Köhnke Thomas, Krupka Christina, Tischer Johanna, Knösel Thomas, Subklewe Marion
Department of Internal Medicine III, Ludwig-Maximilians-Universität (LMU), Munich, Germany.
Clinical Cooperation Group Immunotherapy at the Helmholtz Zentrum München, Munich, Germany.
J Hematol Oncol. 2015 Oct 8;8:111. doi: 10.1186/s13045-015-0213-6.
The bispecific T cell engager blinatumomab has shown encouraging clinical activity in B-precursor acute lymphoblastic leukemia (ALL). However, about half of relapsed/refractory patients do not respond to therapy. Here, we present the case of a 32-year-old male patient with refractory B-precursor ALL who was resistant to treatment with blinatumomab. Bone marrow immunohistochemistry revealed T cell infiltrates and an increase in programmed death-ligand 1 (PD-L1)-positive ALL cells as a potential immune escape mechanism. We were able to recapitulate the clinical observation in vitro by showing that blinatumomab was not able to mediate cytotoxicity of CD19-positive ALL cells using autologous T cells. In contrast, the addition of healthy donor T cells led to lysis of ALL cells.These results strongly encourage further systematic evaluation of checkpoint molecules in cases of blinatumomab treatment failure and might highlight a possible mechanism to overcome resistance to this otherwise highly effective treatment.

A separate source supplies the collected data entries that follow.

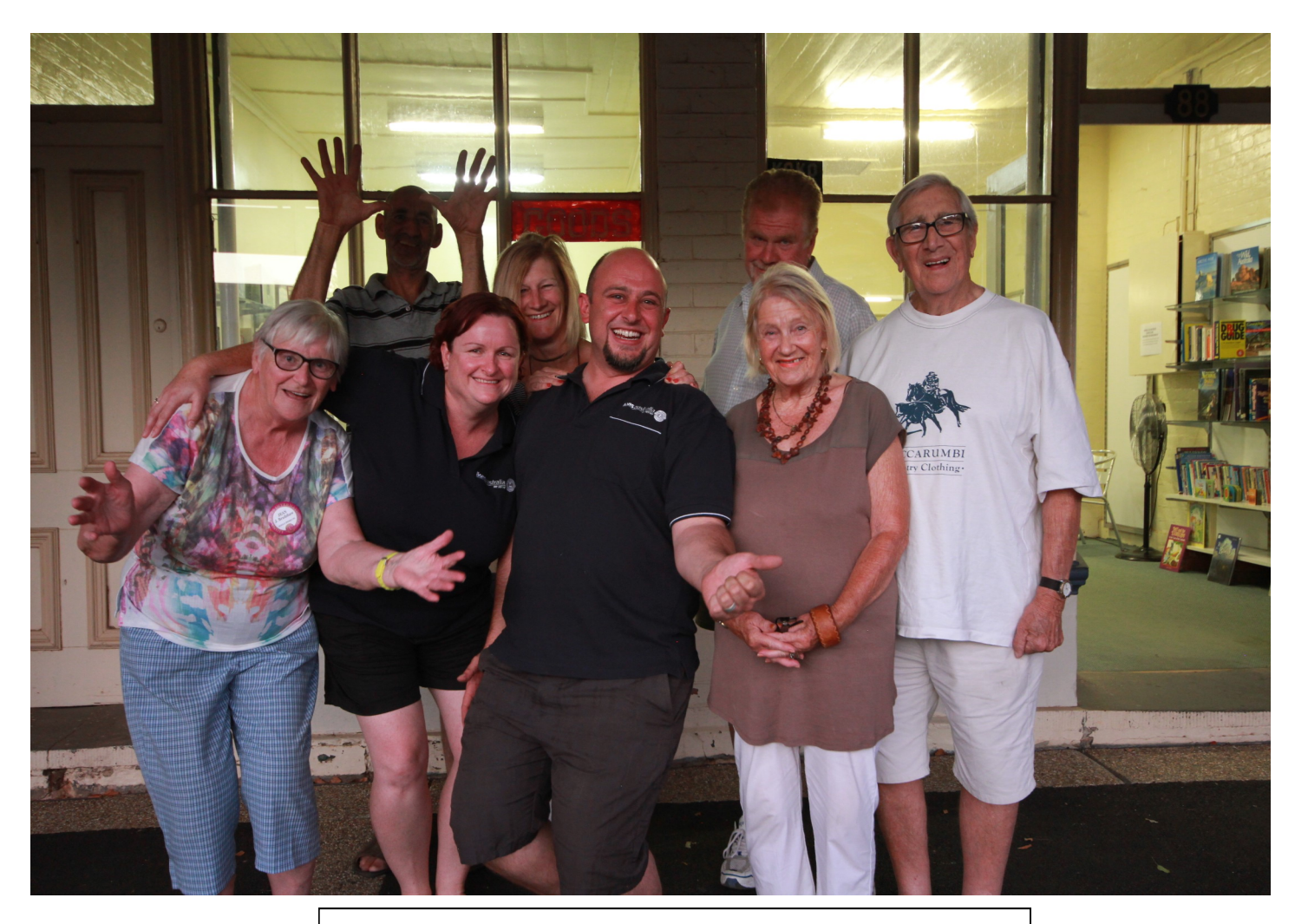
The team at Lions Bookshop
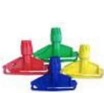
MOP CLIP C-417
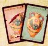
18 amphora cards
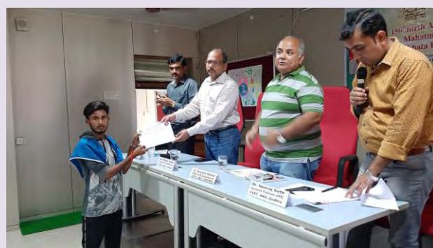
Certificate Distribution of Poster competition
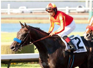
Gimme Da Lute
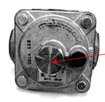
Convertible regulator with octagon cap. Unscrew from regulator.
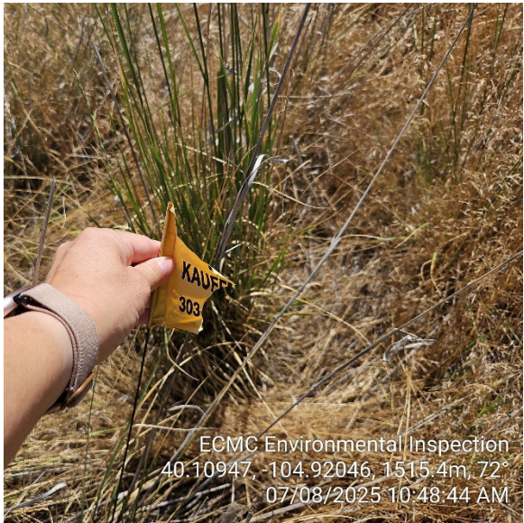
Point Photo 21
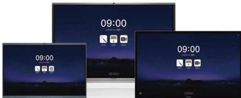
From left to right: MAXHUB X3 Standard, MAXHUB X3 Premium, MAXHUB X3 Ultimate
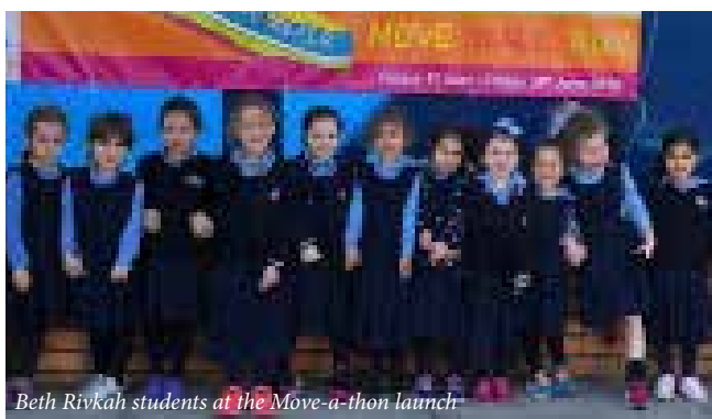
Beth Rivkah students at the Move-a-thon launch
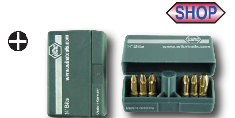
711 96 PokitPak - Phillips TiN Coated Insert Bits In Molded Case -
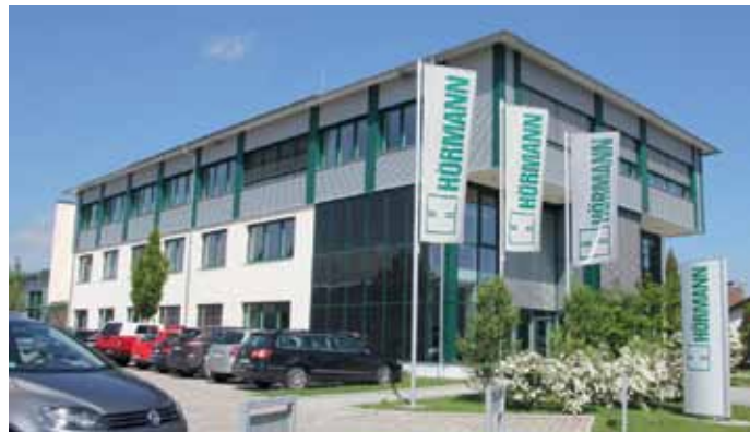
Photo 1: Head office of Rudolf Hörmann GmbH & Co. KG.
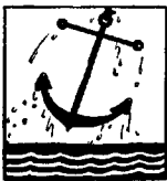
No anchoring to tradition, here.

phony . . . Intensely interesting, this work is. There is in it the spirit of the adven-
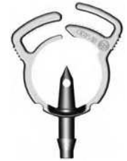
Micro Saddle OD16 - 18 with 4.5 mm Barbed Take-Off Adaptor
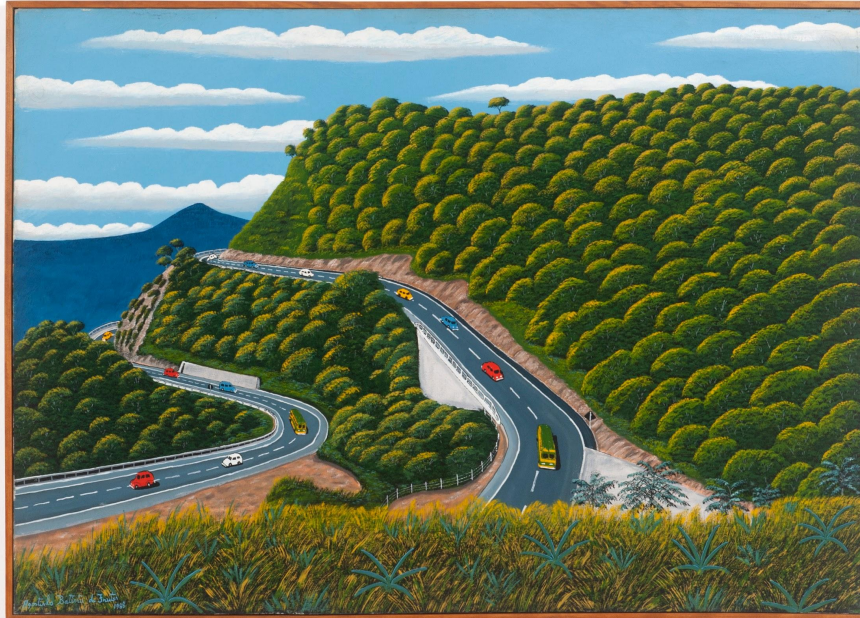
Agostinho Batista de Freitas 1927, Campinas - SP | 1997, São Paulo - SP

双特异性T细胞衔接器博纳吐单抗在B前体急性淋巴细胞白血病(ALL)中已显示出令人鼓舞的临床活性。然而,约一半的复发/难治性患者对治疗无反应。在此,我们报告一例32岁男性难治性B前体ALL患者,其对博纳吐单抗治疗耐药。骨髓免疫组化显示T细胞浸润以及程序性死亡配体1(PD-L1)阳性ALL细胞增加,这是一种潜在的免疫逃逸机制。我们通过体外实验再现了临床观察结果,即博纳吐单抗无法利用自体T细胞介导CD19阳性ALL细胞的细胞毒性。相反,添加健康供体T细胞则导致ALL细胞裂解。这些结果有力地促使在博纳吐单抗治疗失败的病例中进一步系统评估检查点分子,并可能突出一种克服对这种原本高效治疗耐药性的可能机制。